The Rural Municipality of Rhineland is a former rural municipality (RM) in the Canadian province of Manitoba. Since 1876, the area made up part of the Mennonite West Reserve. The R.M. of Rhineland was originally incorporated as a rural municipality on February 14, 1880 and later absorbed the neighbouring RM of Douglas in January 1891. It ceased on January 1, 2015 as a result of its provincially mandated amalgamation with the towns of Gretna and Plum Coulee to form the Municipality of Rhineland.

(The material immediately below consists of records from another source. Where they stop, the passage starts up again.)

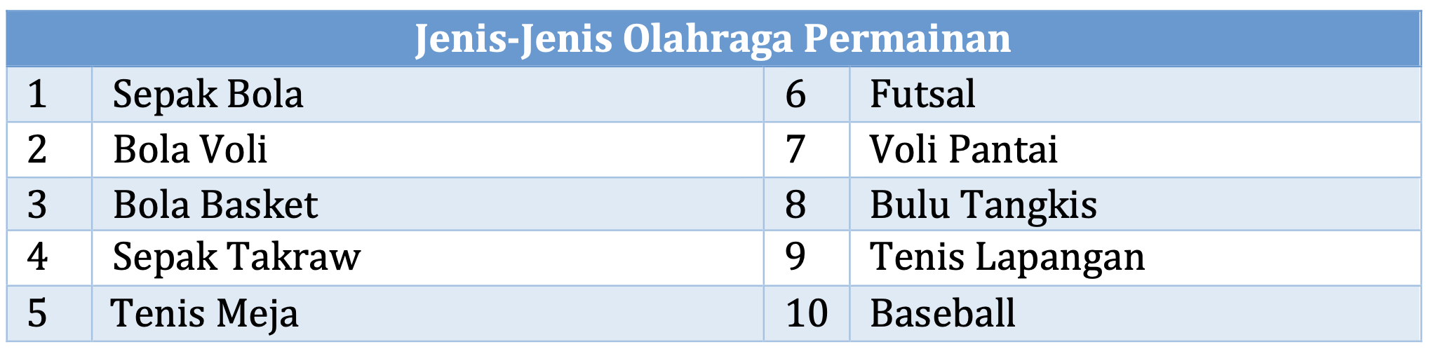 Olahraga permainan adalah olahraga yang dilakukan secara tim atau regu (lebih dari satu orang), sehingga diperlukan kerjasama yang baik antarpemain dan juga strategi yang tepat untuk memperoleh kemenangan. Olahraga permainan adalah olahraga yang membutuhkan energi dari proses aerobik-anaerobik dengan proporsi yang seimbang. Ketika olahraga dengan intensitas tinggi yang membutuhkan kekuatan secara cepat seperti berlari mengejar bola atau memukul bola dengan keras maka metabolisme energi tubuh akan berjalan secara anaerobik menggunakan cadangan energi yang disimpan di glikoden. Sedangkan saat olahraga dengan intensitas rendah seperti berjalan, metabolisme energi yang digunakan adalah aerobik dimana energi akan diperoleh dari simpanan karbohidrat, lemak, dan protein. Adapun olahraga yang termasuk ke dalam kategori olahraga permainan antara lain:
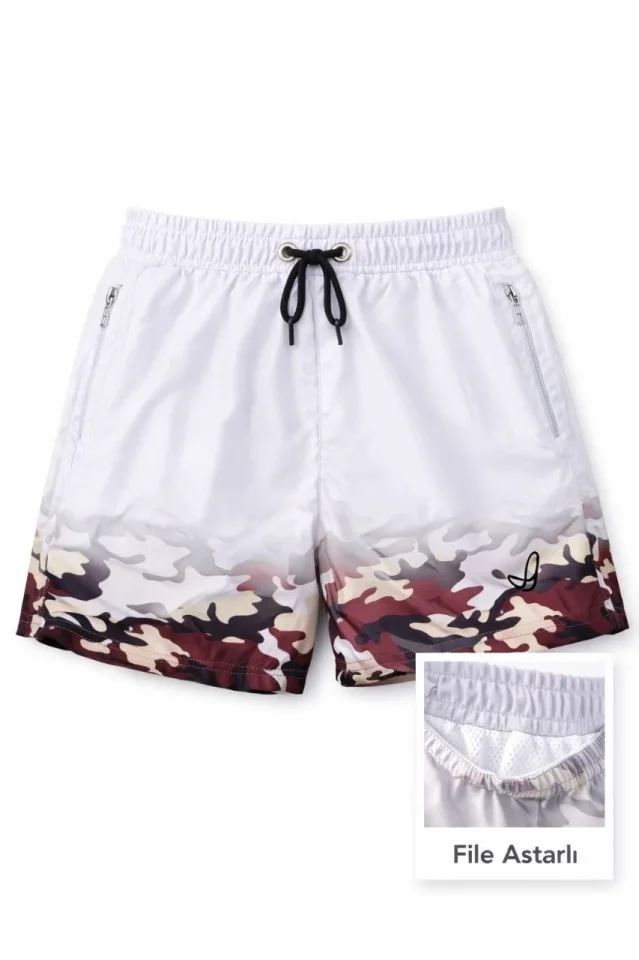 Deniz Şortu Fermuarlı Cepli File Astarlı Hızlı Kuruyan Premium – Beyaz
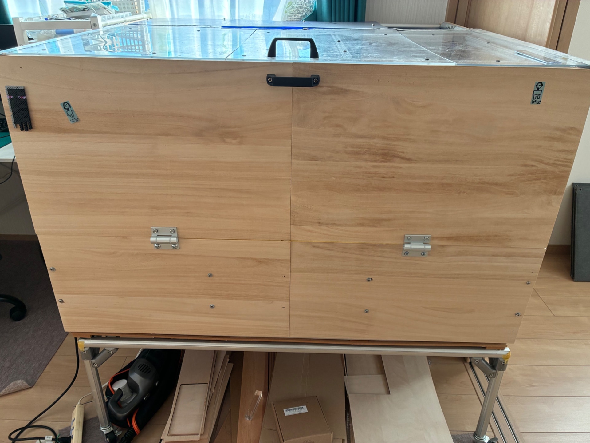 レーザー発振器や電気部品は中国から輸入し、ボディはホームセンターで買ったアルミフレームや木材で作りました。電気配線は自分で設計。
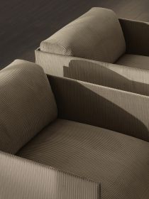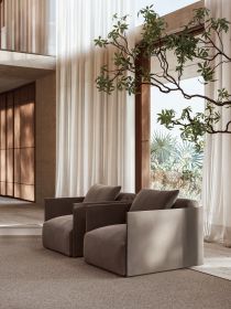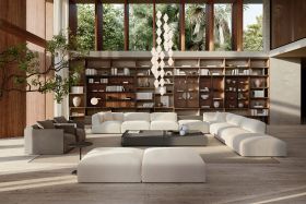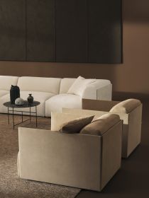 Klare Linien und schlanke Silhouetten verleihen dem Sofa eine leichte, elegante Erscheinung, während die großzügige, weiche Polsterung ein intensives Entspannungserlebnis ermöglicht. Ein zentrales Merkmal von Hybla ist seine Modularität: Flexible Konfigurationen erlauben es dem Sitzsystem, sich unterschiedlichen räumlichen Anforderungen anzupassen.
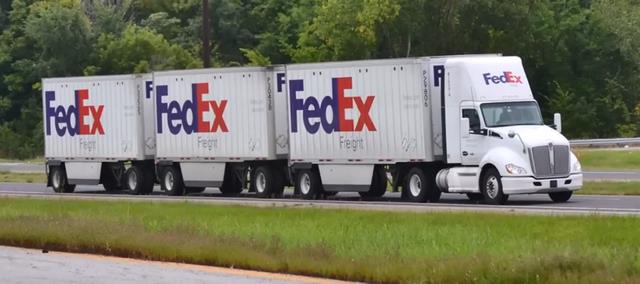 全长约 32米。在美国西部,三挂卡车是物流公司的常见配置。它由一辆牵引车拖拽 三个28.5英尺短挂车,单司机即可运输三倍货量,但驾驶难度极高。遇到侧风时,第三节挂车容易产生危险的“甩尾鞭效应”。尽管如此,它们仍是美国西部长途物流的重要力量。
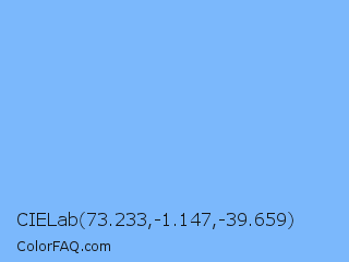 CIELab 73.233,-1.147,-39.659 Color is a light blue color and the nearest color is French Sky Blue #77b5fe. Hex code #7bb8fc and RGB value is rgb(123,184,252). In RGB color space, this color is composed of 48% red, 72% green, 99% blue, In CMYK color space, this color is composed of 51% cyan, 27% magenta, 0% yellow , 1% black , In HSL color space, this color has a hue angle of 212° , 96% saturation and 74% lightness.
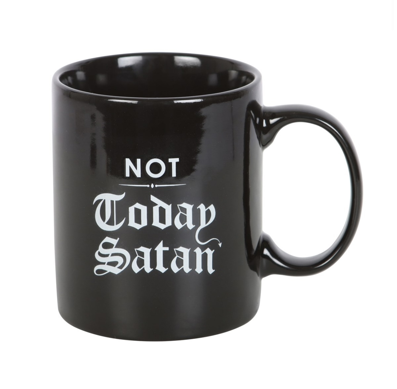 Keep your demons at bay with this funny ceramic mug. Features ‘Not Today Satan’ text written in gothic lettering for warding off unwanted guests.
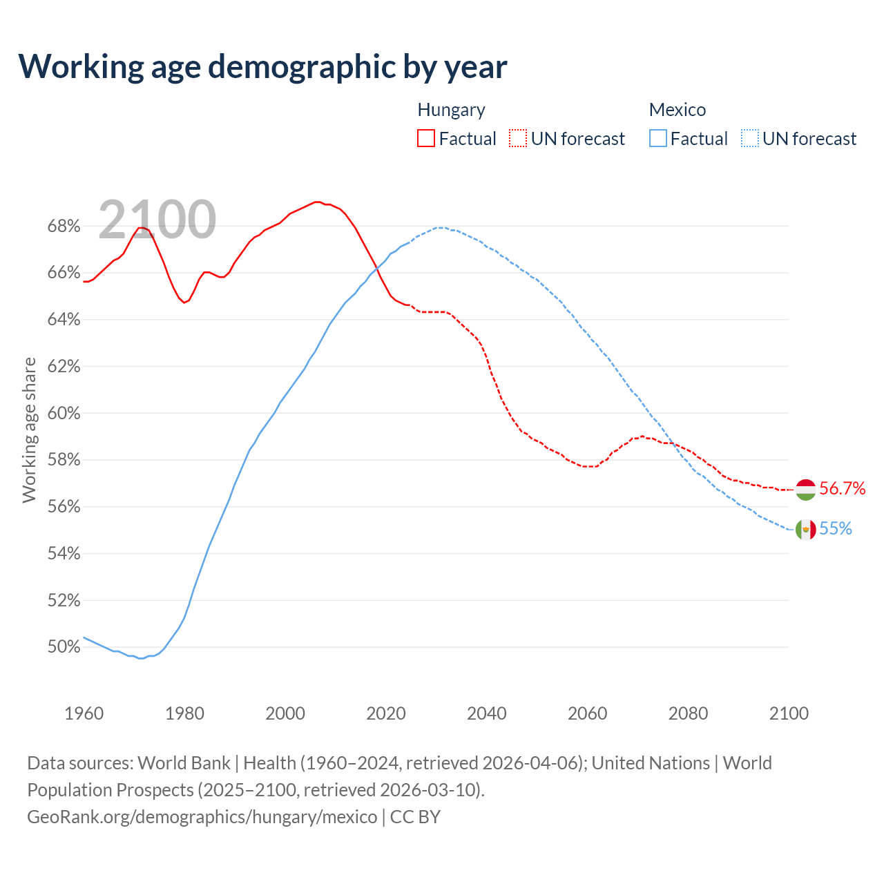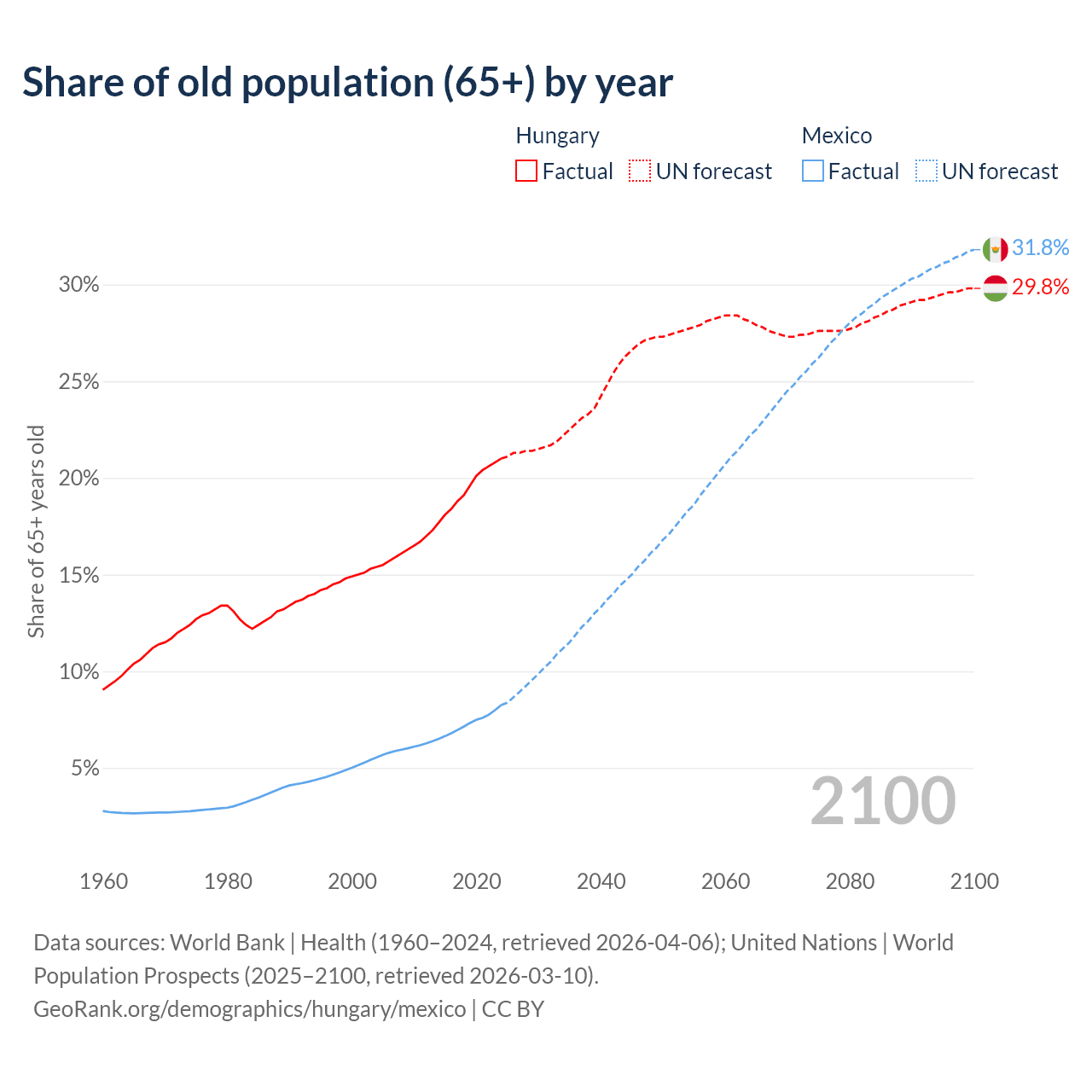 Median age Hungary vs Mexico, 1960-2100
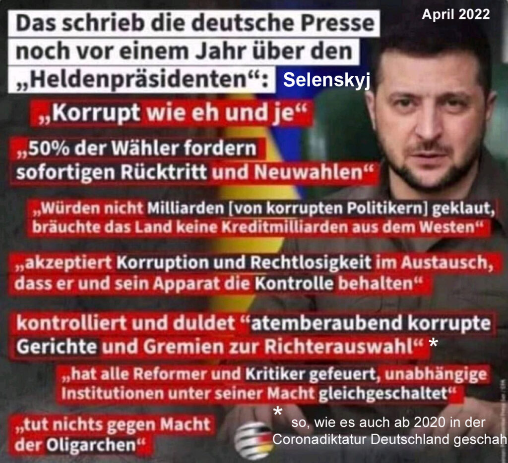Das schrieb die deutsche Presse noch vor einem Jahr über den Heldenpräsidenten Selenskyj: „Korrupt wie eh und je“, „50% der Wähler fordern sofortigen Rücktritt und Neuwahlen“, „Würden nicht Milliarden (von korrupten Politikern) geklaut, bräuchte das Land keine Kreditmilliarden aus dem Westen“, „akzeptiert Korruption und Rechtlosigkeit als Austausch, dass er und sein Apparat die Kontrolle behalten“, kontrolliert und duldet „atemberaubende korrupte Gerichte und Gremien zu Richterwahl“. * “ hat alle Reformer und Kritiker gefeuert, unabhängige Institutionen unter seiner Macht gleichgeschaltet“, „tut nichts gegen die Macht der Oligarchen“ * so, wie es auch ab 2020 in der Coronadiktatur geschah.
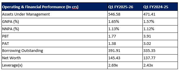 Asset Quality: PAR (0+ days past due) stood at 5.18 %, of which GNPA stands at 1.65 % and NNPA stands at 1.13 % as of June 30, 2025
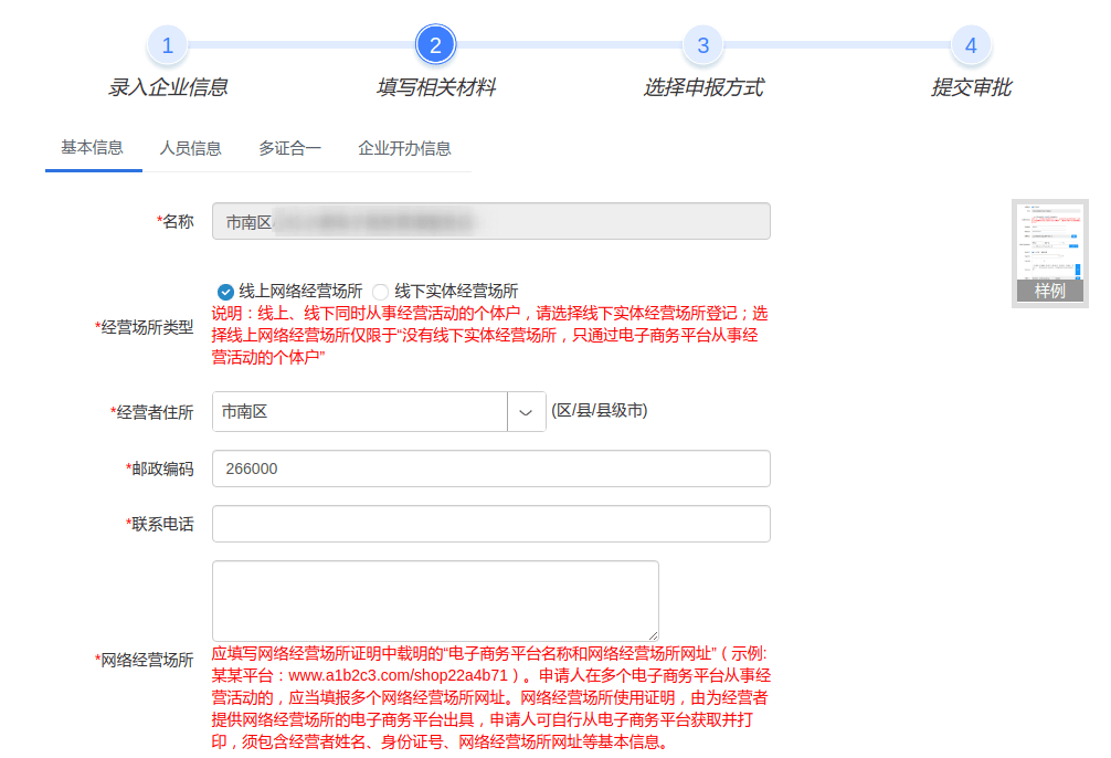 经营者以网络经营场所申请办理个体工商户登记的,该经营者住所所在地的县、自治县、不设区的市、市辖区负责个体工商户登记的部门为其登记机关。
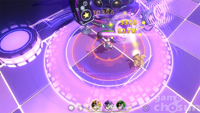 기절을 유발하는 상시 패턴이지만, 3방향 공격과 마찬가지로 타일 교차점에 서서 쉽게 회피 가능 = 게임조선 촬영
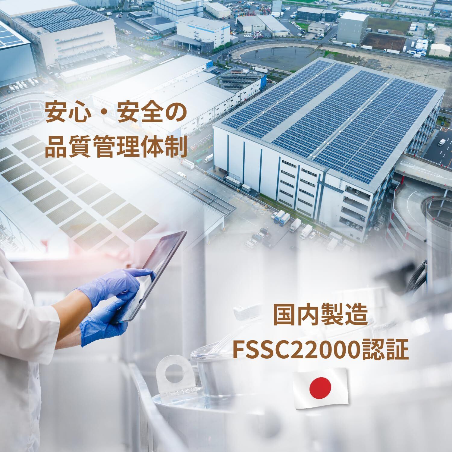 【人工甘味料不使用&国内製造】 体に優しい原料にこだわり、安心の国内製造。品質管理はFSSC22000認証工場で徹底。
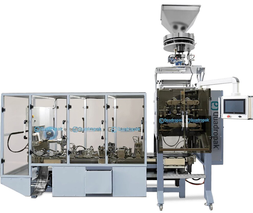 QP-1000-CPM — автоматическая карусельная упаковочная машина с объемно-весовой системой заполнения (10–14 каналов) для высокоточной упаковки бобовых культур в кирпичные пакеты высокой плотности.
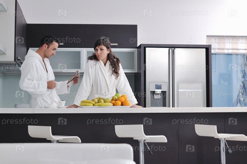 Молодая пара утром на кухне
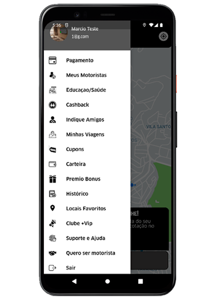 Meus motorista onde pode ser adicionado favoritos . Educação Saúde, para profissionais que trabalha na area pode se cadastrar e ganha desconto. Cashback onde pode acompanhar seus indicados, atingindo meta transfere valor direto para carteira ou solicita deposito em conta. Indique amigos, motra o código id de incicação e compartilha. Minhas viagens, mostra detalhes e histórico de todas até o momento. Cupons, se existir na franquia pode acionar desconto oferecido pela plataforma. Carteira, onde pode verificar seu saldo. Prêmio bonus, onde acompanha seus cancelamentos que te faz perder pontos se existir algum, no caso de cancelamento do motorista usúario ganha pontos. Histórico, onde acompanha valores gastos. Locais favoritos, onde adiciona endereço de embarque e desembarque para uma solicitação mais rápida! Clube Mais, onde existe propaganda de parceiros do aplicativo com link que direciona para o anunciante.
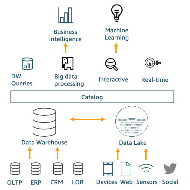 A ideia por trás dos Data Lakes é que as empresas armazenem e utilizem dados importantes de qualquer fonte que tenham (CRMs, ERPS, Sites, Aplicativos móveis, dispositivos móveis, sensores, etc.) no volume que necessitarem, na velocidade que os dados sejam gerados, e que esses dados sejam acessíveis para realizar análises exploratórias importantes para o negócio.
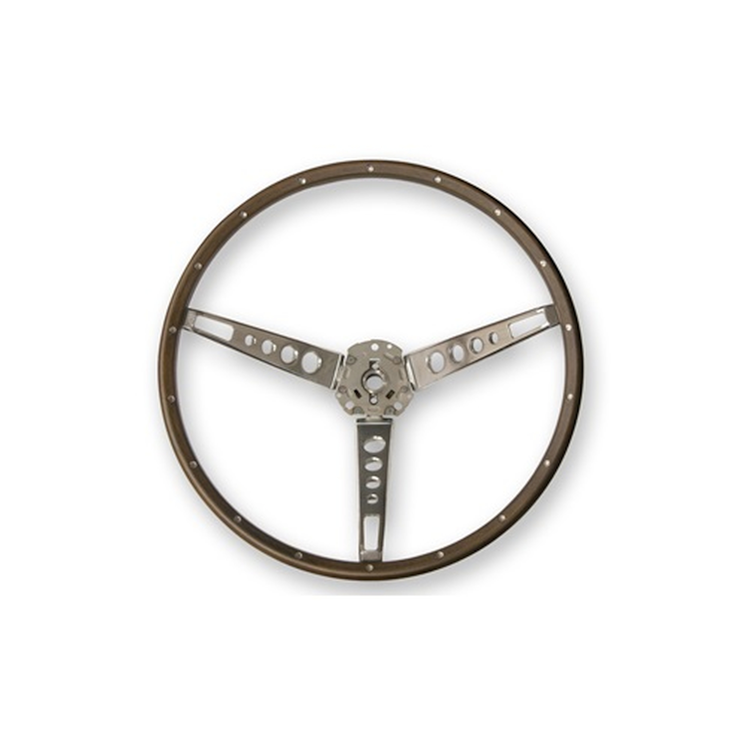 Reproduction of Pony interior simulated wood wheel. Wheel only, does not include horn ring, center cap, contact plates and hardware. This wheel was also optional on standard interior cars.
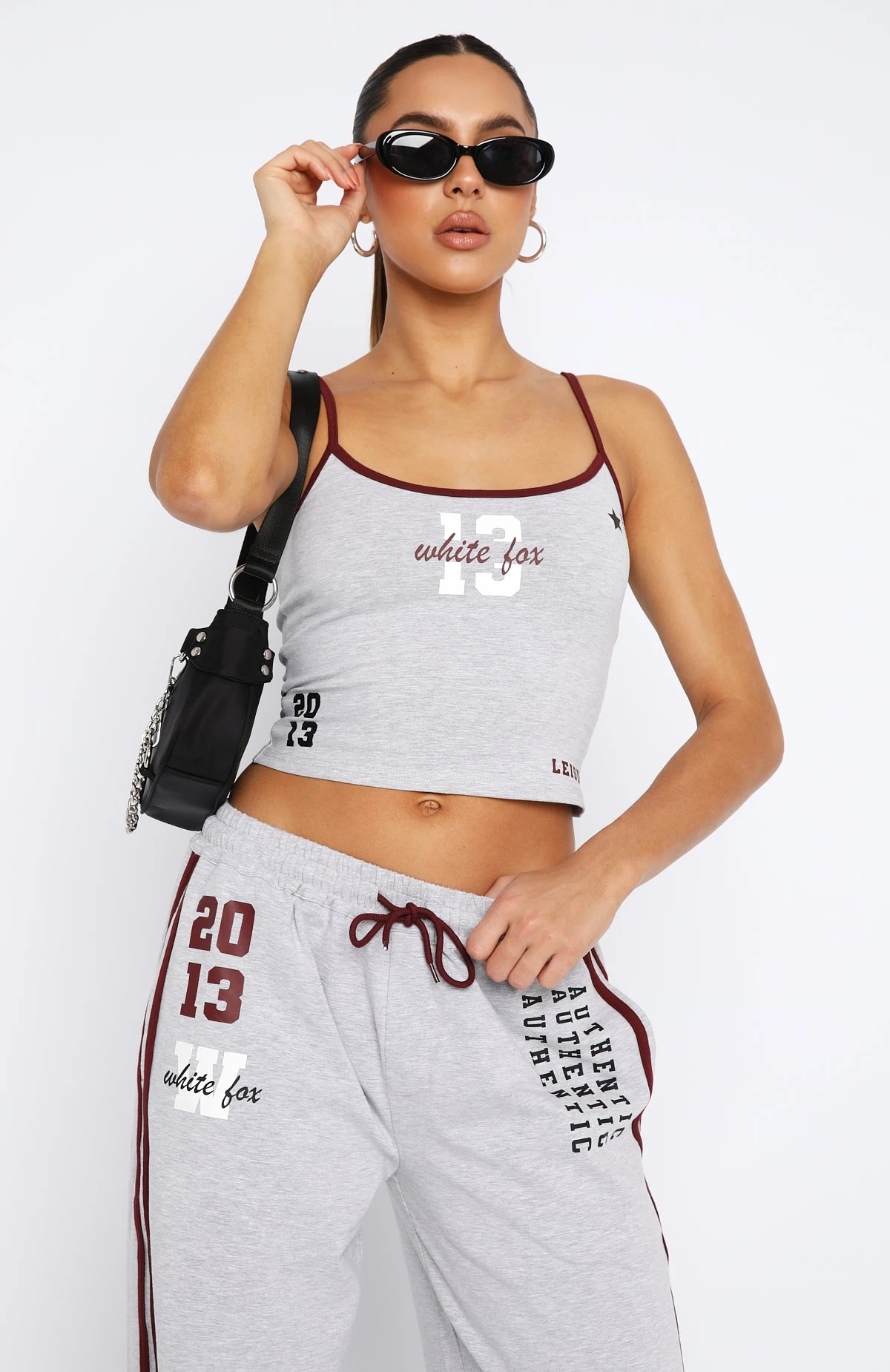 The top for that all day, everyday kind of cool with a sporty chic style to show just the right amount of skin. The All Star Season Singlet Grey Marle features thin adjustable straps, scoop neckline, cropped length, stretch jersey fabric. You can style this tank multiple different ways. We love with low rise denim and slides for an off-duty model look.Â

The RM was located in the southern part of the province, along its border with the state of North Dakota in the United States. It had a population of 4,125 persons in the 2006 census, a slight decrease from the 4,183 reported in the 2001 Census. There is a national historic site in the former RM's territory at Neubergthal, which was officially designated in 1998 as Neubergthal Street Village.

== Geography ==
According to Statistics Canada, the former RM had an area of 953.42 km^{2} (386.12 sq mi).

=== Communities ===
- Blumenort South
- Gnadenfeld
- Gnadenthal
- Halbstadt
- Horndean
- Kronsthal
- Neubergthal
- Neuhorst
- Rosenfeld
- Rosengart
- Rosetown
- Schoenwiese
- Sommerfeld

=== Adjacent municipalities ===
- Rural Municipality of Stanley - (west)
- Rural Municipality of Roland - (northwest)
- Rural Municipality of Morris - (northeast)
- Rural Municipality of Montcalm - (east)
- Pembina County, North Dakota - (south)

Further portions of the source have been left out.